According to the latest predictions of Oscar experts at The Envelope's Buzzmeter and Gold Derby, "The King's Speech" is the favorite to win best picture and "The Social Network" is close behind. Let's add up the pluses and minuses of each contender.

Oscars best picture the kings speech news

"The King's Speech" has the strongest rooting factor. It generates the most warm love among viewers and that often matters most as the victory by "Slumdog Millionaire" proved two years ago.
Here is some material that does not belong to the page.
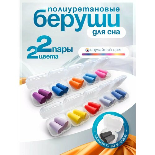 Противошумные беруши для сна, многоразовые, 2 пары каждая в кейсе, мультицвет

Thanks to those craft categories like best art direction and costumes, it will probably lead with the most nominations too, and that's crucial: Three-quarters of best-pic champs over the past 20 years had the most bids. Furthermore, it's a stylish historical drama like past victors "Shakespeare in Love" (1998), "Titanic" (1997) and "The English Patient" (1996).

But here's the rub: Academy members haven't picked stylish historical dramas recently. They opted for gritty fare that's not traditionally Oscar-friendly like "The Hurt Locker" (2009) and "No Country for Old Men" (2007).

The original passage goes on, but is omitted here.